In Yoichi, a town in the Yoichi District, Shiribeshi Subprefecture, Hokkaido, Japan is one of Japan’s top whisky maker and main distillery: Nikka Whisky Yoichi Distillery.
Founded by Masataka Taketsuru in 1934, the history of Nikka Whisky began here in Yoichi and the rest is history.
How to get to Yoichi Distillery
The Nikka Whisky Distillery is located just a few steps west of Yoichi Station on the JR Hakodate Line. Yoichi Station can be reached in about 25 minutes by local trains from Otaru or in about one hour from Sapporo.
Yoichi Distillery Tour
You can visit the vast grounds of the distillery, where the original stone buildings of the factory and Taketsuru’s former home still stand. Some of the equipment on display, like the large copper pot still, are still used to this day.
Admission is free. Opening hours are from 9:00am – 5:00pm.
There are guided distillery tours (only in Japanese). Tour hours are from 9:00am – noon and from 1:00pm – 3:30pm.
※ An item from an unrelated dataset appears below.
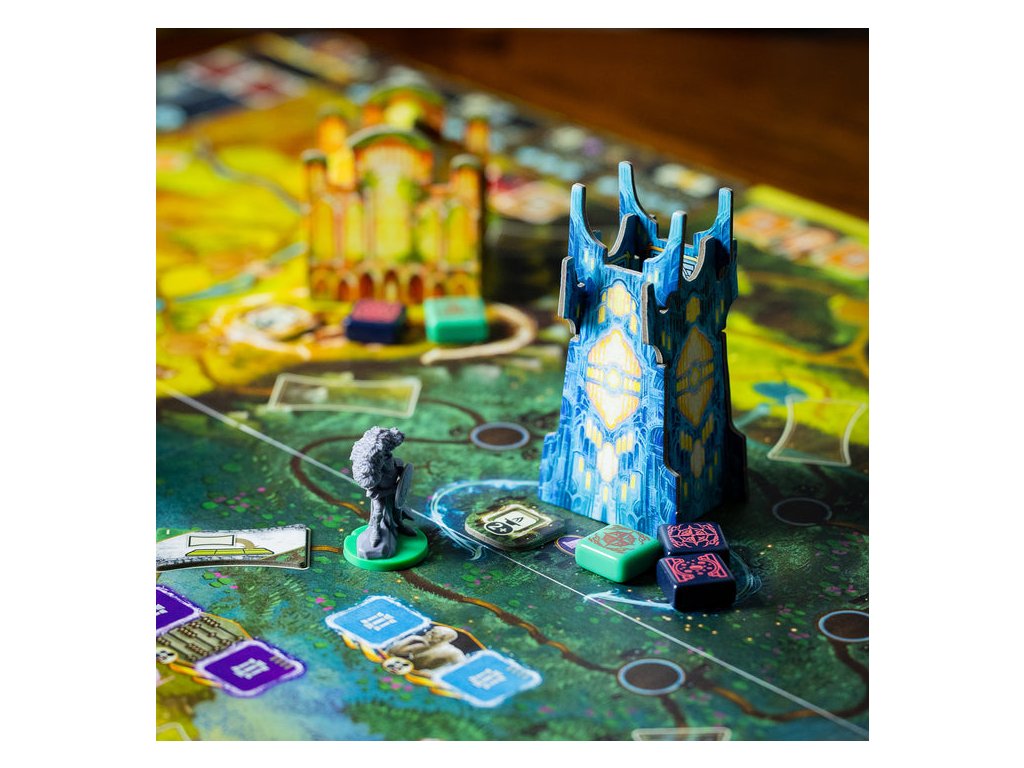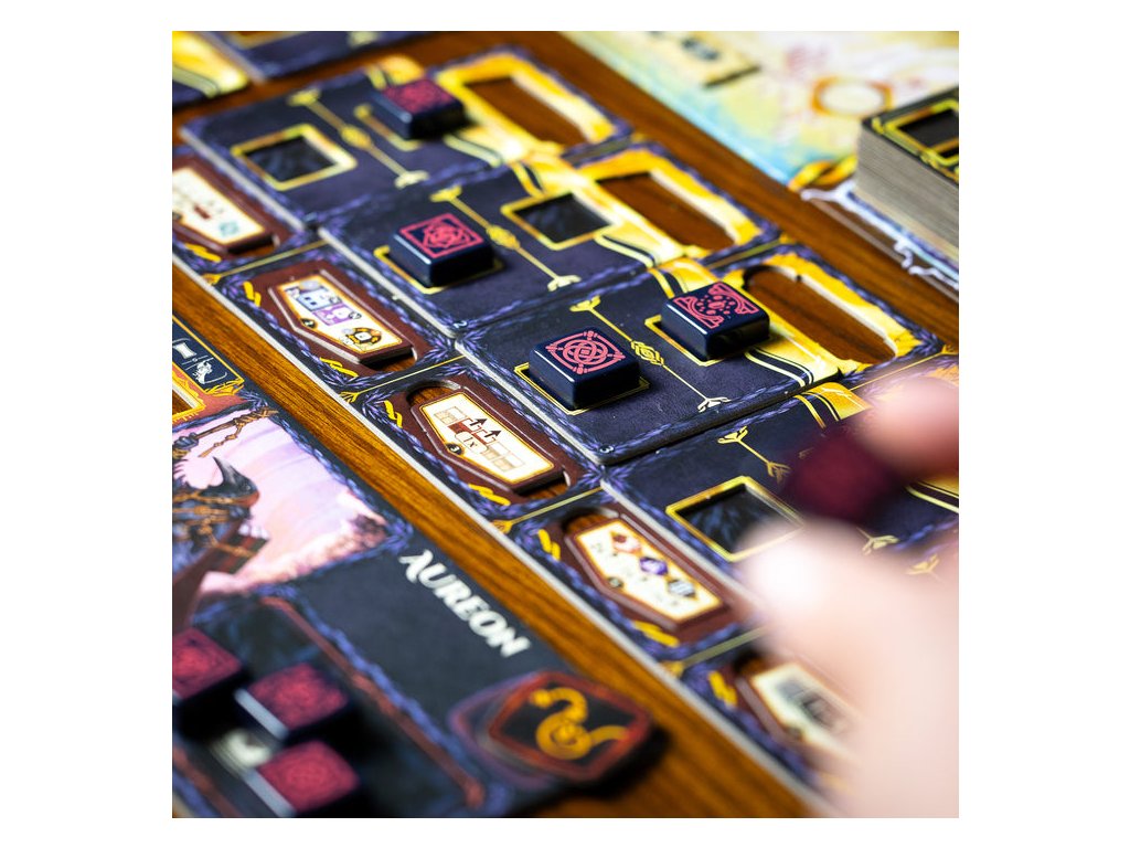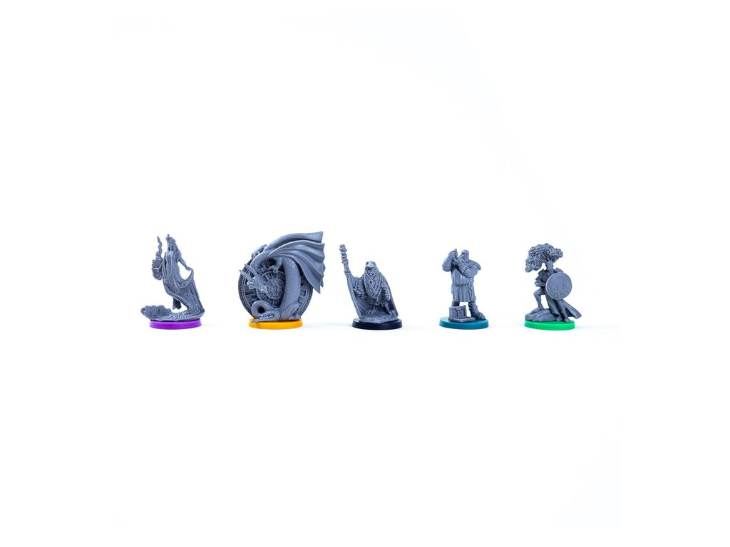 Each player receives a character board and a transmutation device, which they use to channel their energy into the mortal realm. Energy is how a god exerts its will, and is used to construct monuments, claim new tiles, and accomplish lasting achievements. Bind your energy for end-game scoring, and unlock new energy to replenish your reserves. The game ends when the last monument is complete, at which point the player with the most points wins.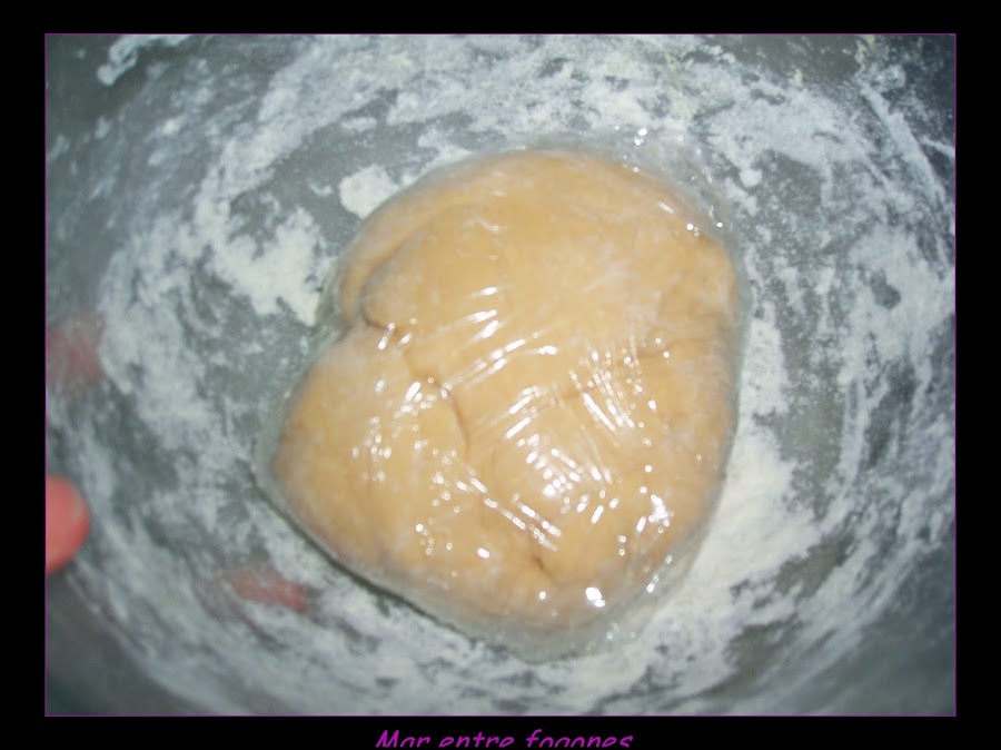 Envolvemos la bola en film transparente y la metemos en la nevera mínimo 1 hora. (yo la dejé toda la noche porque la hice tarde y no me daba tiempo a cortar la pasta).

Tour lengths are approximately 70 minutes (tour of the whisky production process and tasting).
In order to prevent the spread of COVID-19, some restrictions on the distillery tours have been implemented.
Yoichi Distillery sits on over 132,000 acres of land.
At Latitude 43.2°N. The harsh and rich nature in the north satisfying everything needed for whisky making.
Masataka Taketsuru, the first Japanese who mastered whisky making in Scotland, valued the climate and natural features of the north. Yoichi, the place chosen by Masataka was close to the sea, surrounded by mountains on three sides and in many ways similar to Highland in Scotland. A cold climate with an appropriate humidity, crisp clean air and fresh water – everything necessary for his ideal whisky was available. The proximity to the sea is one of the distinctive features of Yoichi. The sea breeze gives a briny hint to the whisky during the maturation.
Direct coal-fired distillation. The tradition inherited from the foundation.
Masataka set a pot still using direct coal-fire when he built the Yoichi Distillery. This still was similar to pot stills at Longmorn Distillery where Masataka had the first practical training in Scotland. This traditional coal-fired distillation is hardly seen today as it is difficult to control temperature and requires highly skilled craftsmen. However, the distillation process at Yoichi has remained very traditional to this day. The characteristics of Yoichi Single Malt such as boldness and toasty burnt flavors are unique features of this distillation.
In addition to learning about whisky making; during the tour, you can also explore and learn more about the founder and the history of the distillery.
In addition to the Rita House and the former residence of the Taketsurus, the whisky museum exhibits many materials about the history of Masataka & Rita and Nikka Whisky.
At the end of the tour, stop by the Nikka Kaisan to sample some delicious whisky and more. Visitors are given three samples of various alcoholic beverages. For those who are not of age, apple juice and other non-alcoholic drinks are also available. Finish off your tour with a quick visit to the gift shop where Nikka Whisky chocolates, bottles and memorabilia are for sale.